Порфирий взял из пачки сигарету, неловко ухмыляясь. Яков Маркович задохся от дыма и стал разгонять его рукой, повторяя: "Фу! Гадость!"
- Послушай! Может, и ты с нами, братец Кролик? - спросил Иван. - А? На троих. Подыщем тебе симпатичную старушенцию и вперёд. Скажи честно, ты хоть раз своей карольчихе изменял? Если нет - я тебя живо научу.
- Знаешь что, Ваня! - зашёлся от возмущения Яков Маркович. - Я хочу сказать тебе только одно: во-первых... раз! - Здесь голос его сорвался, и вышло очень смешно. - Ты невоспитанный и грубый человек - это раз.
- Два, три, четыре, пять, - подхватил Иван, - вышел Кролик погулять. Вдруг охотник выбегает, прямо в Кролика стреляет. Пиф-паф, ой-ёй-ёй, помирает Кролик мой. Привезли его в больницу, оказался он - живой. Ну, будет, будет тебе, старик. Уж и обиделся. Ажник губы дрожат. Чего ты такой обидчивый? Ну, что я такого сказал? Ведь я шуткую, потому что я тебя - люблю. Честное слово. Совсем ты шуток не понимаешь, братец Кролик. Скажи-ка, дядя, только быстро: "вдох-выход-вход-выдох". Не спотыкнёшься, я тебя поцелую. В плешку лысины.
- Отстань ты от меня, ради бога, Христом - богом тебя прошу! - взмолился Яков Маркович, чуть не плача.

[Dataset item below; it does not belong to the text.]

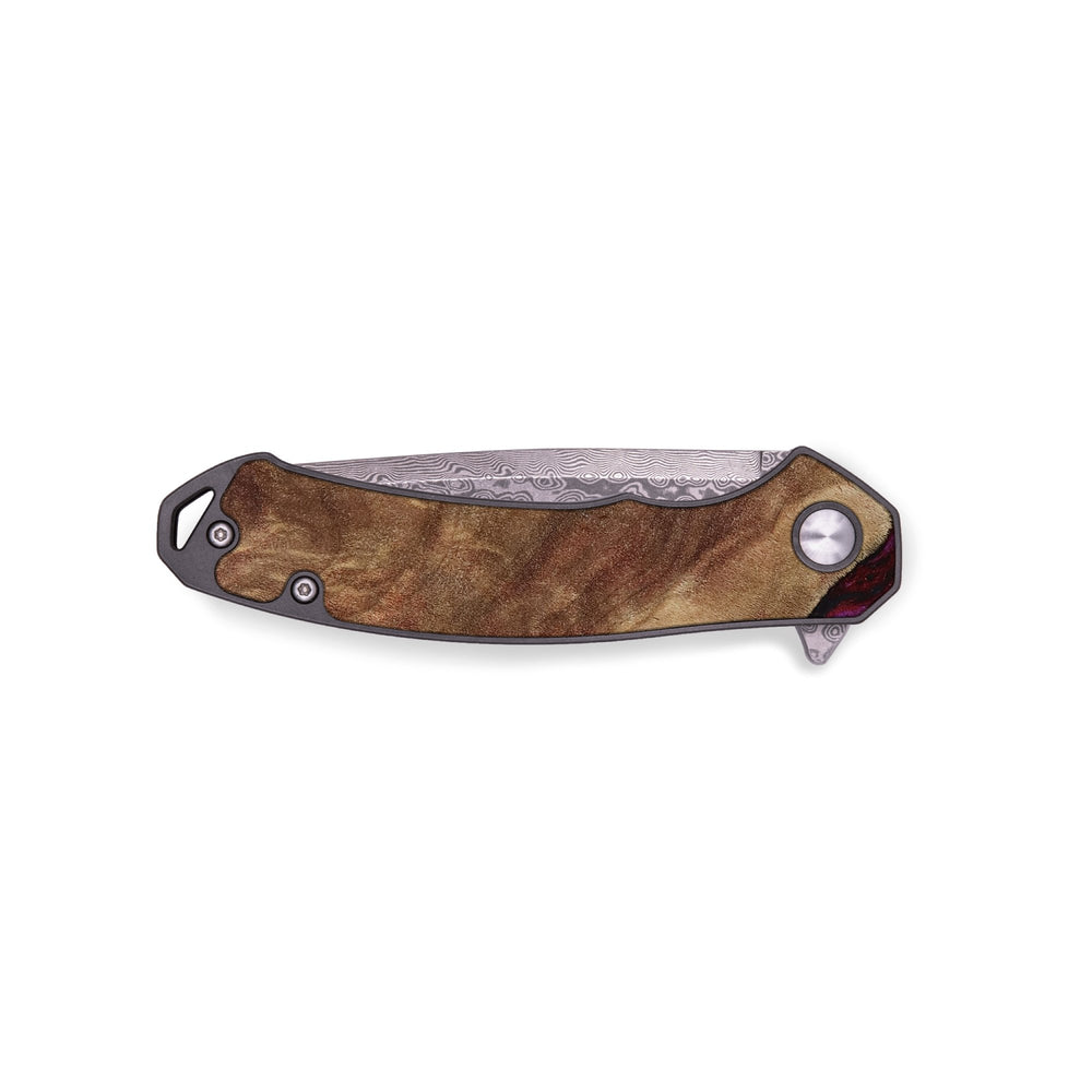 Experience the perfect blend of form and function with our durable folding pocket knife, featuring a lightweight titanium handle. The Damascus stainless steel blade is complemented by a unique wood burl and resin inlay. Imported blade and handle.

Иван рывком поднялся с кровати, достал лежавшую на "стерванте" гитару, с большим голубым бантом на грифе, поставил одну ногу на стул, облокотился на колено и взял несколько оглушительных аккордов, перебирая своими толстыми, словно надутыми, пальцами струны. Потом запел приятным, глуховатым, хрипатым голосом, баритоном:
Передо мной Белалакая
Стоит в туманной вышине.
А струйки мутные так медленно стекают
За воротник - кап-кап - и по спине...
Он никогда не пел всю песню с начала и до конца. Пропоёт от силы один куплет и бросит. Говорил, что никак не может запомнить всех слов.
Порфирий засунул руки в светонепроницаемый мешок, будто в муфту, и сосредоточенно перематывал плёнку.
- Между прочим, - неожиданно заявил он, - из пихтовой смолы делают канадский бальзам.
- Это ты к чему?
- Не знаю, - признался Порфирий и покраснел.
- Ну, и фотография у тебя, Фирка, доложу я тебе! - сказал Иван, выражая сильное удивление. - Не лицо, а рожа. Как у Муссолини, когда его волокли вешать вниз головой.
- Я ему ещё дам! - буркнул Порфирий.
- Сам виноват. Запомни правило: где двое, там третий - лишний. Зачем ты полез снимать Ромео, когда он обжимал в углу свою Джульетту?